Spread evenly on a lightly greased cookie sheet (I use parchment paper) % bake at 275 degrees for 45 minutes, stirring every 15 minutes or so.

Let cool & enjoy!!!

Yields about 8 1/2 cups.

*Note: * I normally divide this recipe in 2 'batches'. I bake half of the pecans as above & while they're in the oven, I then 'kick up' the second half by adding 2 TB of honey & 1/2 tsp. of cayenne pepper to the 2nd half before baking. After this batch is cooled, I then mix the 2 'batches' together.


----------



## Haute Pursuit (Jun 26, 2006)

Those look great brother!


----------



## SwampRat (Jul 30, 2004)

Looks great! Did you shell that 40lbs?


----------



## w_r_ranch (Jan 14, 2005)

Yes & I had some pretty tired fingers for a month or so, LOL!!! When I was burning out stumps, I would take a meat tub of them out with me & sit in the Gator working on them. Other times, I sat either on the back porch or in the garage & work on them whilst I was drinking. I figured I'd put up all I could since mother nature was kind enough to give us such a good harvest last fall.
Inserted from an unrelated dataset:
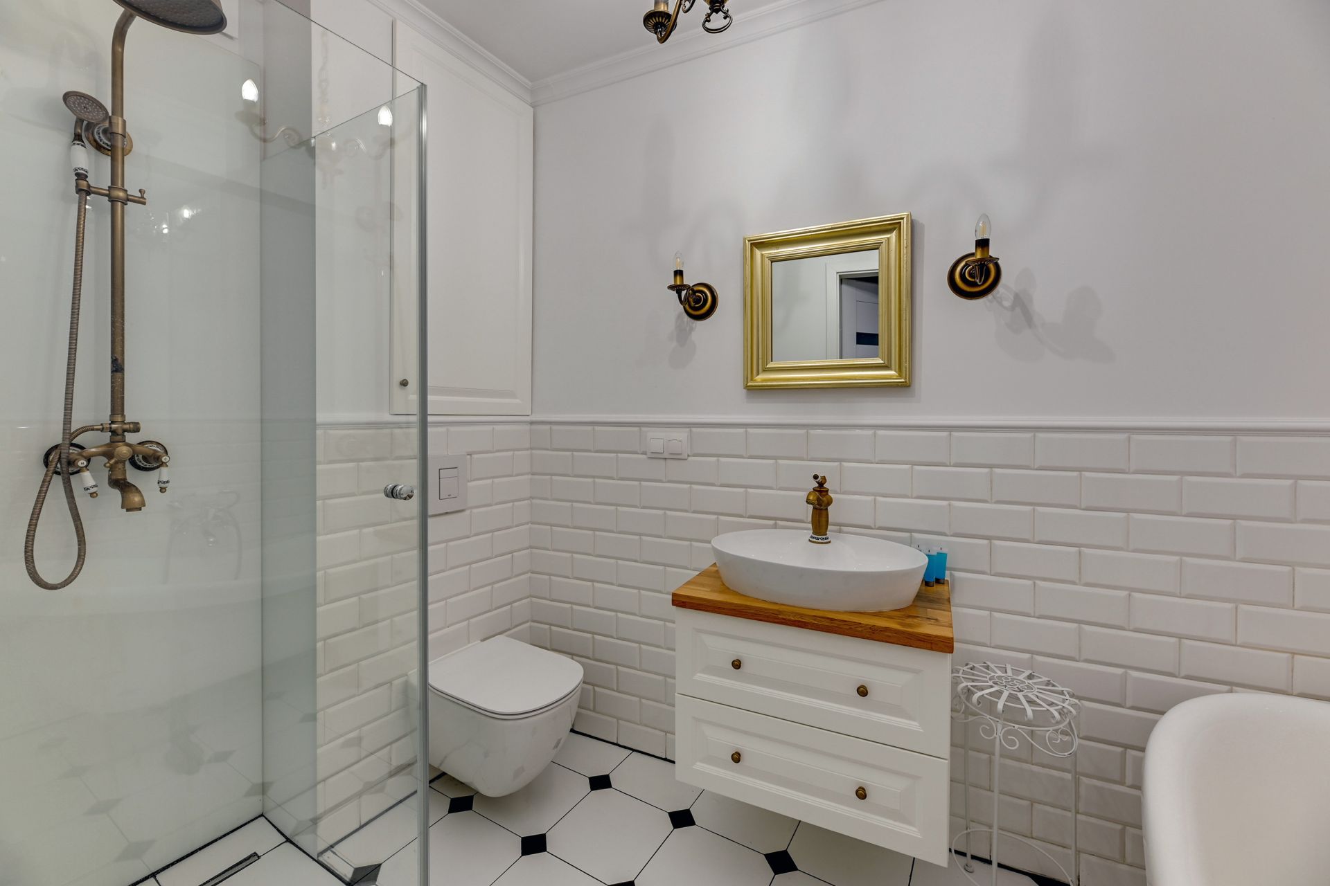 Przestrzeń do Relaksu i Wspólnych Chwil: Sercem apartamentu jest przestronny salon z aneksem kuchennym. To idealne miejsce do wspólnego spędzania czasu – przygotowywania posiłków w pełni wyposażonej kuchni, relaksu na wygodnej sofie po dniu pełnym wrażeń, czy delektowania się kawą z widokiem na urokliwą ulicę. Nowoczesna łazienka, wyposażona zarówno w wannę, jak i prysznic, oferuje elastyczność i komfort, pozwalając na orzeźwiającą kąpiel pod prysznicem lub odprężającą w wannie.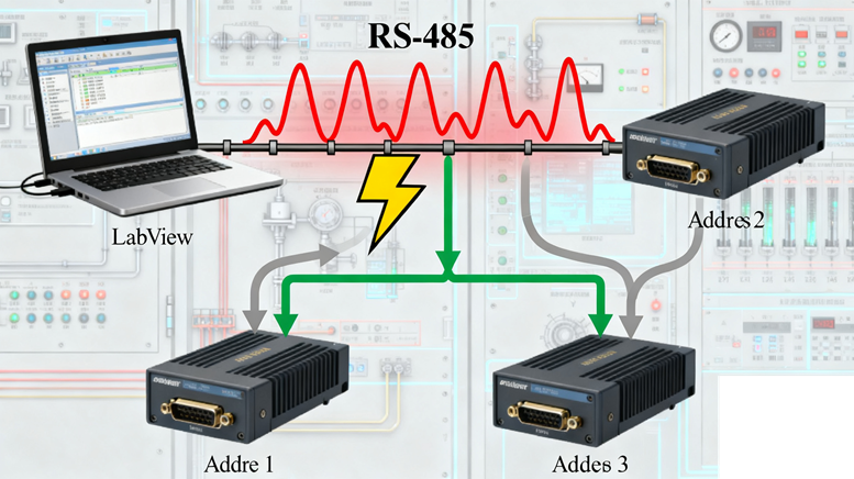 RS-485 通讯总线凭借抗干扰能力强、传输距离远等优势,广泛应用于工业控制领域。其采用半双工通讯模式,通过差分信号传输数据,支持多主从设备的总线型拓扑结构。但在实际应用中,常出现多台不同厂家 485 设备(如地址分别设为 1、2、3 的设备)单独运行时通讯正常,联合工作时 LabView 主机出现通讯超时、数据丢包、误码等异常现象,这一问题的核心在于总线电气特性匹配性与设备协议兼容性的双重冲突,需从底层原理到实际应用场景全面拆解。

We use a lot of pecans here. My wife makes a killer nut roll with them & they are also great sprinkled on a salad!


----------



## SwampRat (Jul 30, 2004)

Oh my.... That's a lot of cracking and picking. My fingers are tired just thinking about that much.

Kudos to you!


----------



## CoastalOutfitters (Aug 20, 2004)

very nice


ck out the pecan crusted fish recipes, great way to use up the broken ones


----------



## Law Dog (Jul 27, 2010)

Those look great!


----------



## w_r_ranch (Jan 14, 2005)

CoastalOutfitters said:


> ck out the pecan crusted fish recipes, great way to use up the broken ones


I will do that. Thanks!


----------



## Greg E (Sep 20, 2008)

I just saw this. WR, those look great. My wife loves using pecans and different berries on our salads. I need to try these.


----------



## Hevy Dee (May 26, 2004)

*Looks fantastic*

Love roasted nuts with a kick - gonna try this. thanks for sharing


----------



## choppercop (Aug 27, 2010)

I've made this time and again. Always goes over in a big way. Thanks Wild Rose for sharing this..

Bob


----------



## Outwest (Aug 16, 2007)

Now try using them in a pecan pie! UMMMMMM


----------